What the exercise asks: Keep only those lines of the records that include the string "about".

The input:
--------------------------------------------------
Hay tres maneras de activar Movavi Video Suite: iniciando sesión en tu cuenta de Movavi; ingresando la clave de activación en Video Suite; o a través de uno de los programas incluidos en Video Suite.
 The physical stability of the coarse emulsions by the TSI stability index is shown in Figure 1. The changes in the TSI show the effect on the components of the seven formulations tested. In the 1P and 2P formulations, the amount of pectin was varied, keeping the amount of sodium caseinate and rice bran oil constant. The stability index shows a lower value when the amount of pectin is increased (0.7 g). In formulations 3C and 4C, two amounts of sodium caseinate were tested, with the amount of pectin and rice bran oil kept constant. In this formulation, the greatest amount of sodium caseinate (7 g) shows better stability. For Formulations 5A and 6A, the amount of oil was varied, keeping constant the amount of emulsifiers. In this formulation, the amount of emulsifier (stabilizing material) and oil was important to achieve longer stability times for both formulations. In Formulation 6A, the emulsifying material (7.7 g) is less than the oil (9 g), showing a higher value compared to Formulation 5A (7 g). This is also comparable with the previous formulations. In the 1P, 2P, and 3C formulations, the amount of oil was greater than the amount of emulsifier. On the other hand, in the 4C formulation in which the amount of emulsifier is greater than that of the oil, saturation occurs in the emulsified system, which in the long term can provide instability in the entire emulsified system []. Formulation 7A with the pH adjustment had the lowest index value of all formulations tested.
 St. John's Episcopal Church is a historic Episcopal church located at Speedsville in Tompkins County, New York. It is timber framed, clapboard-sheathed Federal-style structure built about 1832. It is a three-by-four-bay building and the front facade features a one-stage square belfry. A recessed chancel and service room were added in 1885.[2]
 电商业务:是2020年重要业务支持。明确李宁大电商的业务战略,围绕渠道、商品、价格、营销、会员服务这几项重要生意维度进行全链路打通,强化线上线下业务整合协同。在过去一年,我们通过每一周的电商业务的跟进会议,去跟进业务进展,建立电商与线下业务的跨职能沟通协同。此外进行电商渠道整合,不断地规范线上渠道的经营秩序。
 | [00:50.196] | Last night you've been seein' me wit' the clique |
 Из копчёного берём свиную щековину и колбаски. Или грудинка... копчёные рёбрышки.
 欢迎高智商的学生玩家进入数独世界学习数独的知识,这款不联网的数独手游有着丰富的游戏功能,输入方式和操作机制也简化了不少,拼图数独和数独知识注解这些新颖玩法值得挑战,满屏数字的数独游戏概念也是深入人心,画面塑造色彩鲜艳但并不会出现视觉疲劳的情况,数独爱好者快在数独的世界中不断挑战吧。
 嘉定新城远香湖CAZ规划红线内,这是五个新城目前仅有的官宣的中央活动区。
--------------------------------------------------
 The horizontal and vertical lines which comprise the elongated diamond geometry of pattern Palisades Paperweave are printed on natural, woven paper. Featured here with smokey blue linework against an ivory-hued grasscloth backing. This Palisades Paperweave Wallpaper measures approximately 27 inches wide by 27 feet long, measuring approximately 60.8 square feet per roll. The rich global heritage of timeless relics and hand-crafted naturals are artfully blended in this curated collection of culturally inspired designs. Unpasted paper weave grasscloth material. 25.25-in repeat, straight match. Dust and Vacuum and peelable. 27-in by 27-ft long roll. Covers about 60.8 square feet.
--------------------------------------------------
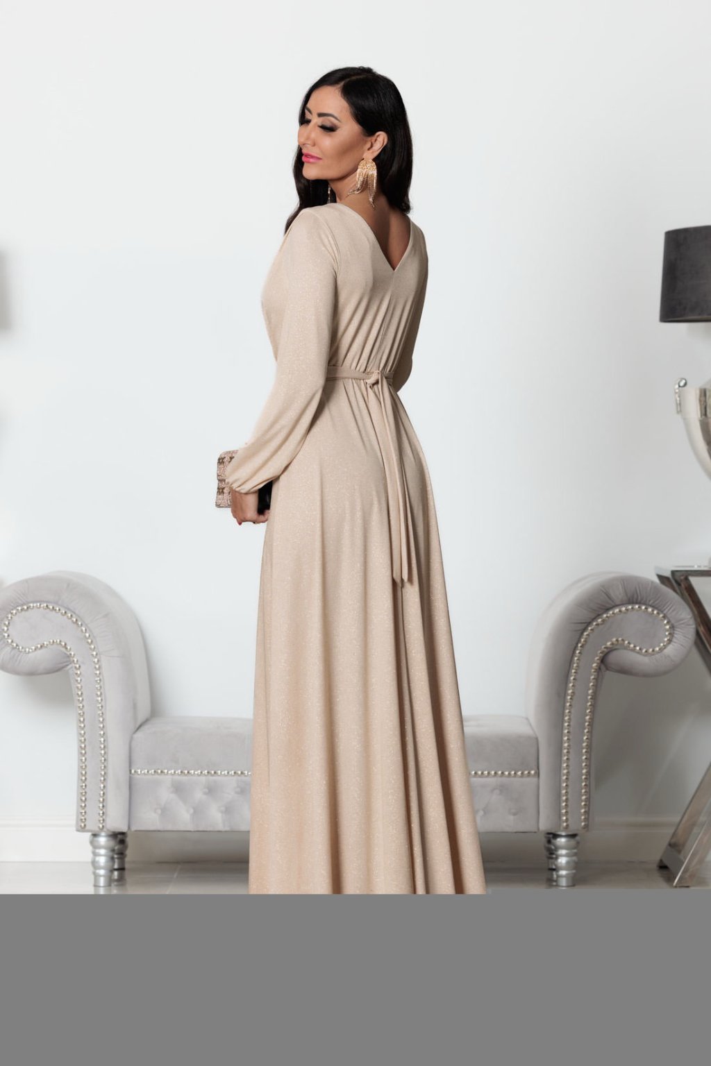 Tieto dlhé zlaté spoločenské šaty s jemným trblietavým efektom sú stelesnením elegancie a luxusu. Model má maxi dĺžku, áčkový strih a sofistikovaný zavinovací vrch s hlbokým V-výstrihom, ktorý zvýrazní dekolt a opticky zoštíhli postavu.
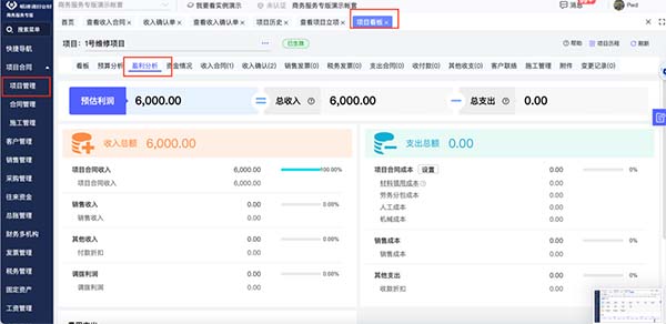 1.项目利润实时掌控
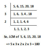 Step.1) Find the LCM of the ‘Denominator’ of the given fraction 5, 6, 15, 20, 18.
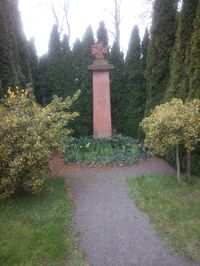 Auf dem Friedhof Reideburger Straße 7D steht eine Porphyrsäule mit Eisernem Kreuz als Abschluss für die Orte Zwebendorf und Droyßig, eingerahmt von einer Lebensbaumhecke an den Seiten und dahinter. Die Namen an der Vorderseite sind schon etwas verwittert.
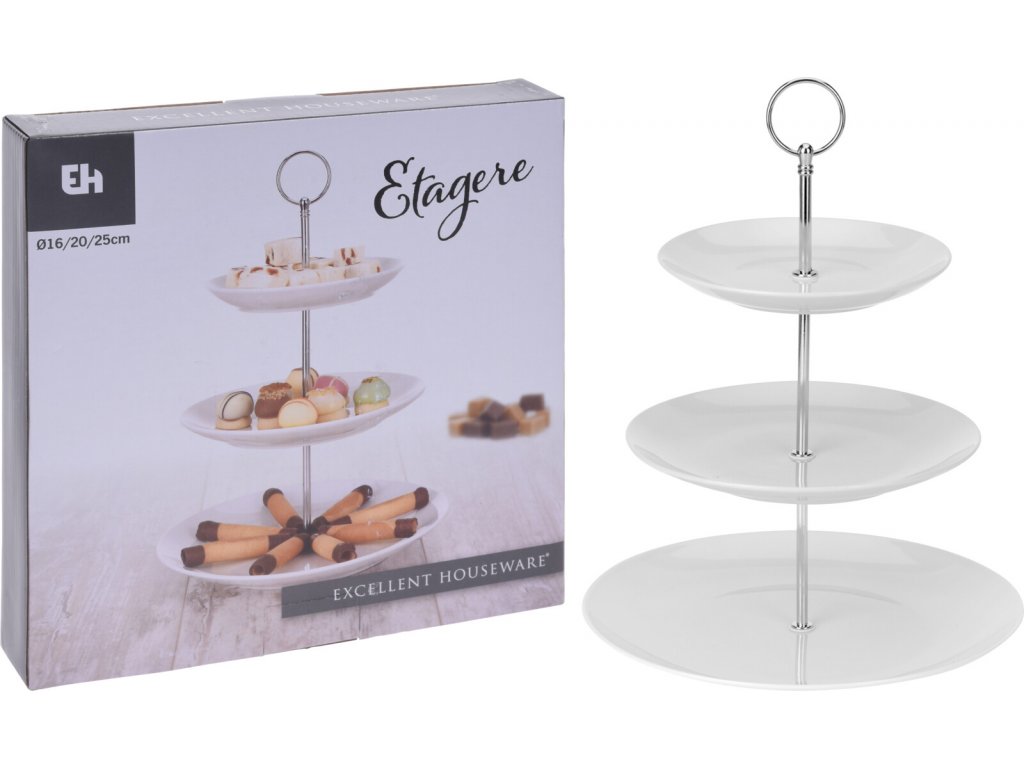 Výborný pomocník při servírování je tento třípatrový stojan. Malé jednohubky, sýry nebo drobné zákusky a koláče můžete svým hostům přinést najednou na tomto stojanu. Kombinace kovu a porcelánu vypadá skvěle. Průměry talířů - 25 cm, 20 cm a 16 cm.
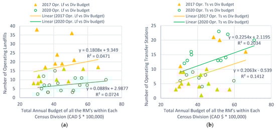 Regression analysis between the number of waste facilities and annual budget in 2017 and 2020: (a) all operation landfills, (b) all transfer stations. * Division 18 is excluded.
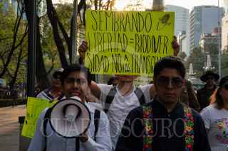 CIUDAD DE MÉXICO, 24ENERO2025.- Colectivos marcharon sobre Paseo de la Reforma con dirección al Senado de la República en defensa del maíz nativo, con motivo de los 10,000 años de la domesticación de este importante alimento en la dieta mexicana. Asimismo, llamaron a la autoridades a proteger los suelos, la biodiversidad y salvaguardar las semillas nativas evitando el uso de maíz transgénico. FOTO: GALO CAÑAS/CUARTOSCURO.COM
--------------------------------------------------
Answer to this problem:
 St. John's Episcopal Church is a historic Episcopal church located at Speedsville in Tompkins County, New York. It is timber framed, clapboard-sheathed Federal-style structure built about 1832. It is a three-by-four-bay building and the front facade features a one-stage square belfry. A recessed chancel and service room were added in 1885.[2]
 The horizontal and vertical lines which comprise the elongated diamond geometry of pattern Palisades Paperweave are printed on natural, woven paper. Featured here with smokey blue linework against an ivory-hued grasscloth backing. This Palisades Paperweave Wallpaper measures approximately 27 inches wide by 27 feet long, measuring approximately 60.8 square feet per roll. The rich global heritage of timeless relics and hand-crafted naturals are artfully blended in this curated collection of culturally inspired designs. Unpasted paper weave grasscloth material. 25.25-in repeat, straight match. Dust and Vacuum and peelable. 27-in by 27-ft long roll. Covers about 60.8 square feet.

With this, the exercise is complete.